To generate validation reports, a task must be decorated with report=True. When this is enabled, the PanderaDataFrameTransformer automatically creates tabs named "Pandera report: input" and "Pandera report: output" depending on where the validation occurs.

import pandas as pd
import pandera as pa
import flyte.typing as pt
from flyte.extend import task

class Schema(pa.DataFrameModel):
id: int = pa.Field(ge=0)
name: str

@task(report=True)
def validate_data(df: pd.DataFrame) -> pt.DataFrame[Schema]:
# The transformer will validate the return value against Schema
# and generate a report tab automatically.
return df

Report Structure and Content

The PanderaPandasReportRenderer constructs a comprehensive view of the data state using the PandasReport dataclass, which holds several key components:

  • Summary: A high-level overview including the Schema Name, Data Shape (rows x columns), and total error counts.
  • Data Preview: A snapshot of the first 5 rows (defined by DATA_PREVIEW_HEAD) of the validated DataFrame.
  • Schema-level Errors: Detailed in a table if metadata validation fails (e.g., missing columns or incorrect dtypes).
  • Data-level Errors: A breakdown of value-level failures (e.g., nulls where not allowed). This table includes a percent_valid column and a list of specific failure cases, limited to the first 10 instances (FAILURE_CASE_LIMIT) to prevent report bloat.

Customizing Validation Behavior

You can control how validation failures affect task execution using the ValidationConfig class. By wrapping types with Annotated, you can specify whether a validation failure should raise an exception or merely log a warning while still generating the report.

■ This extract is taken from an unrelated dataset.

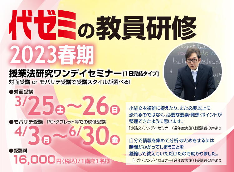 2024年春期に開催の「代ゼミの教員研修」等の情報を更新いたしました。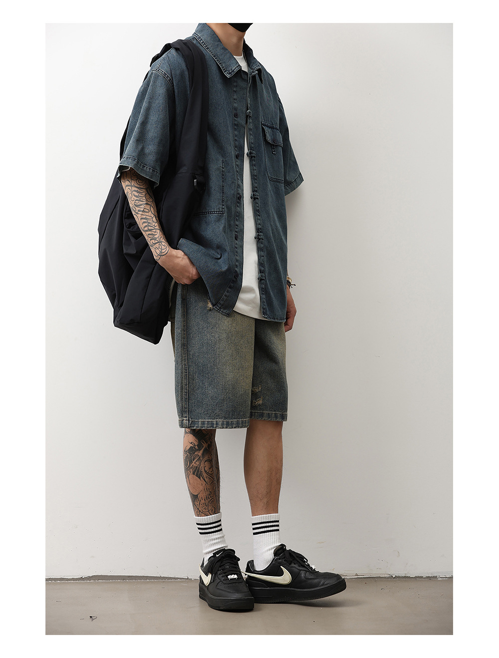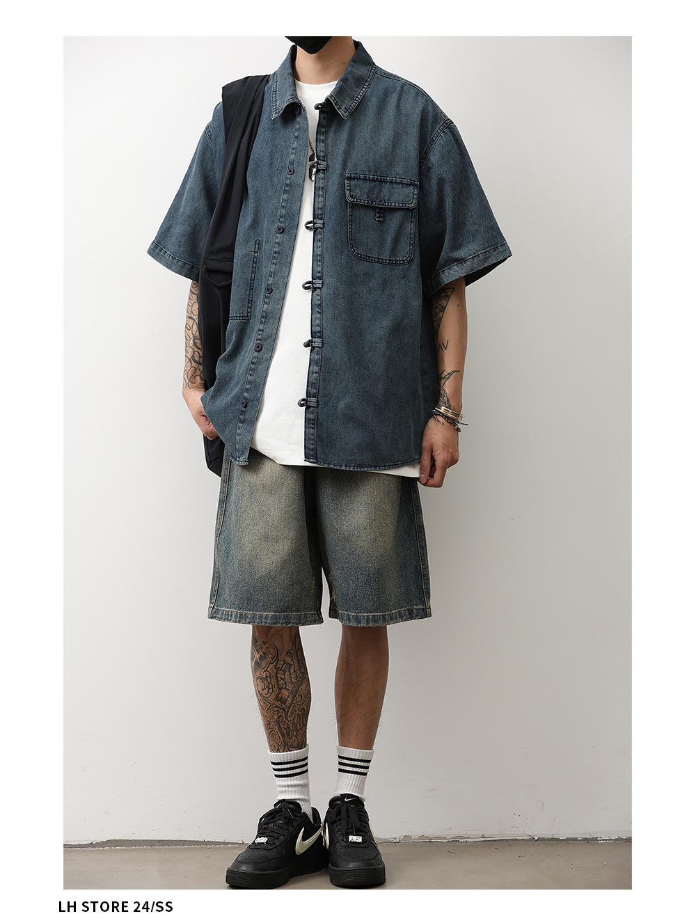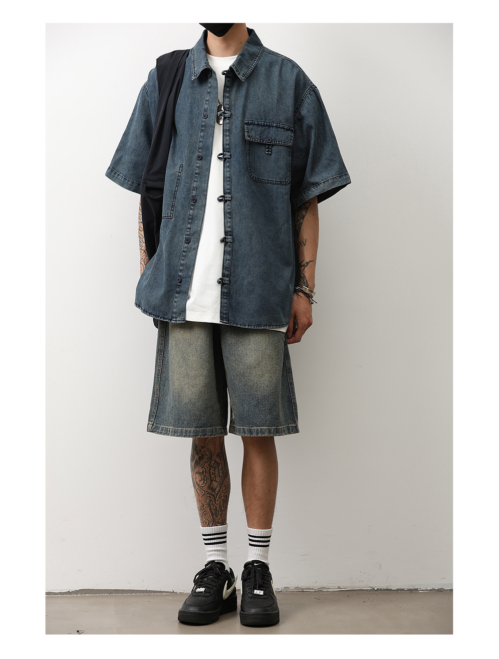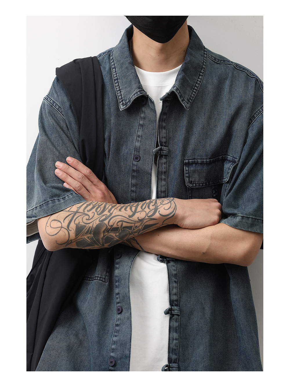 데님 반팔 셔츠 여름 새로운 중국 틈새 디자인 센스 버클 다크 블루 셔츠 남성 국가 스타일 코트 트렌드스토어 가기

from typing import Annotated
from flyteplugins.pandera import ValidationConfig

@task(report=True)
def process_data(
# Validation failures will log a warning but allow the task to continue
df: Annotated[pt.DataFrame[Schema], ValidationConfig(on_error="warn")]
) -> pt.DataFrame[Schema]:
return df

In PanderaDataFrameTransformer._validate, the configuration is checked:

  • If on_error="raise" (default), the SchemaErrors exception is re-raised after the report is generated.
  • If on_error="warn", the renderer is called with warn=True, which changes the report icon to a warning symbol (⚠️) instead of an error (❌), and the task continues.

Technical Implementation Details

The integration relies on Flyte's internal reporting context. When _validate is called, it performs the following steps:

  1. Validation: Executes schema.validate(data, lazy=True).
  2. HTML Generation: Calls self._report_renderer.to_html(...).
  3. Tab Management: Uses flyte.report.get_tab(report_title).replace(html) to insert the generated HTML into the current task's report.
  4. Persistence: Calls await flyte.report.flush.aio() to write the report to the configured Flyte metadata storage (e.g., S3 or GCS).

The Report class in src/flyte/report/_report.py handles the final assembly by injecting the tab content into an HTML template (_template.html) using Python's string.Template. This template includes the necessary JavaScript to handle tab switching in the Flyte UI.